Mic - driver for sure, but some are not going to like it


----------



## SplitPoster (May 16, 2006)

Nice as they may be, hand painted is one thing, mass (in relative terms) production is another. Wahoo has done some very nice models, and I would expect him to continue. I don't buy sets just to have them, but there are always exceptions.. endurance racers and AFX likely will be one.

I don't go often to EAHORC site or forums, as to just register there involves admin approval. Don't believe I'd make the cut. Many nice pictures and "press releases", not much in the way of differing perspective or opinion. All very controlled. The site is very well done, but if one looks at the 15 threads visible on the main page, as of this morning the last post on 9/15 is by the very same person.


----------



## Montoya1 (May 14, 2004)

You can view the news bits without having to go on the forums. Those are in any case part of a much larger forum and I can see no reason why the guys who run that would not approve you.

Naturally, the major content provider on the EAHORC forum is me, as I use it as an extension of the EAHORC website. The news page was set up so that I could put relevant items on it and then our guys could discuss them on the forum, but as most of them don't post very much I have not bothered with it of late.

The forum is not 'controlled' at all, other than to correct the odd spelling mistake if I am in the mood to do so. The idea it would be controlled in an odd notion.


----------



## SplitPoster (May 16, 2006)

Odd? Any "hobby" forum that requires admin approval to join strikes me as odd. Over the years I have joined many special interest forums - 1:1 marque, activity and racing oriented, as well as hobbies and interests, and yours is the first I've ever seen set up like that. I enjoy my ability to pop in here, and that I certainly don't have to worry about playing the sycophant to stay in favour. 

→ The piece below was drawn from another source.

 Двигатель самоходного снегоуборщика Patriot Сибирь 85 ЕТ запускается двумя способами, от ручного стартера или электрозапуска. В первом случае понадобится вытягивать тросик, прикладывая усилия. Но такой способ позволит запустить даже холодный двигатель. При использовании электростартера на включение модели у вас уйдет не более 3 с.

Contrast HT - it takes quite a loss of temper to incur punitive action. As Shakespeare said (he of Stratford-upon-Avon, not Shotgate), "All the world's a stage...", and I guess that is why HT is so much the larger and more appealing one, for people with many different types of motivations - creative, fianancial and psychological.


----------



## Montoya1 (May 14, 2004)

As I say, the EAHORC forum is just one tiny section of a much larger place, and it is their call if they want to put approvals in place. 

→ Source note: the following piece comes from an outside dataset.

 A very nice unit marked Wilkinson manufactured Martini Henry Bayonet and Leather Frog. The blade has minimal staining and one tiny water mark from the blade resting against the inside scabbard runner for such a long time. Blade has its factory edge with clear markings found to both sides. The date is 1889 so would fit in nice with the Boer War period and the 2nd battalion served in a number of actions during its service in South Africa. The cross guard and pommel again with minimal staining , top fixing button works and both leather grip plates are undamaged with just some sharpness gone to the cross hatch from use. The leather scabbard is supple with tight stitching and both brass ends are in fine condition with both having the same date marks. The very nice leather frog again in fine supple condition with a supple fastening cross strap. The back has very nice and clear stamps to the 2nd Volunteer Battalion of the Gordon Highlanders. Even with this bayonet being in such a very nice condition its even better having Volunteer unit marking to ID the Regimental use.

People get approved very quickly, and are then dealt with in the normal way much as hank would here. I assume the approvals is there for a reason as it creates extra work for guys having to run a vast site.

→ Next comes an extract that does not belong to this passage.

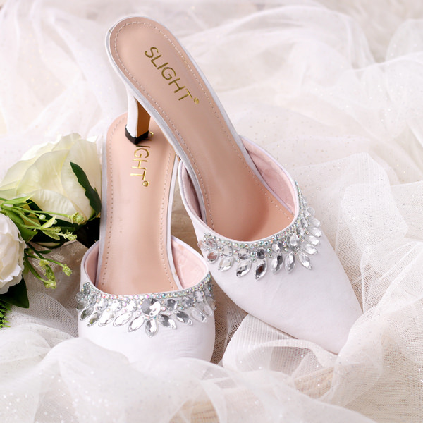 Desain dari Sandal Selop Adore Silver ini terinspirasi dari keindahan susunan aplikasi permata pada perhiasan.

The idea that you have to be sycophantic to stay on there is well wide of the mark. Avoid swearing and other such par for the course stuff.

Anway, the news items I first mentioned are not part of the forum and can be viewed by all. I am sure you have seen the pictures of the R10 but for those who have not I wll drop them in here soon.


----------



## Montoya1 (May 14, 2004)

R10 1


----------



## Montoya1 (May 14, 2004)

R10 2


----------



## Montoya1 (May 14, 2004)

R10 3


----------



## videojimmy (Jan 12, 2006)

wow, a great looking car to be sure.


----------



## slotcarman12078 (Oct 3, 2008)

Nice wheels 'n tires too!!!!! :thumbsup::thumbsup:


----------



## Montoya1 (May 14, 2004)

They are from the champcars.


----------



## NTxSlotCars (May 27, 2008)

Nice hand job on the paint. Think they may ever come out with a sprint car?


----------



## tjd241 (Jan 25, 2004)

*Life gives ya lemons...*

... make a dirt car. Just needs more wing and knobbies Rich. :thumbsup:


----------



## sethndaddy (Dec 4, 2004)

very nice, I have that in the 1/24th from Carrera.


----------



## bobhch (Apr 22, 2007)

resinmonger said:


> The Racemasters crew must be beavering away on the revised International set and the new 24 Hour Championship set:
> 
> http://www3.towerhobbies.com/cgi-bin/wti0001p?&I=LXZKC2&P=Y
> 
> ...


Zoom, Zoom...nice job on that.

Russ, Hooters just hooked up with the Ferrari Team & will release pictures on a further Press date.

Bob...can you say 512M...zilla


----------



## slotnewbie69 (Dec 3, 2008)

looks like another fine product from racemasters.thanks for the pic montoya


----------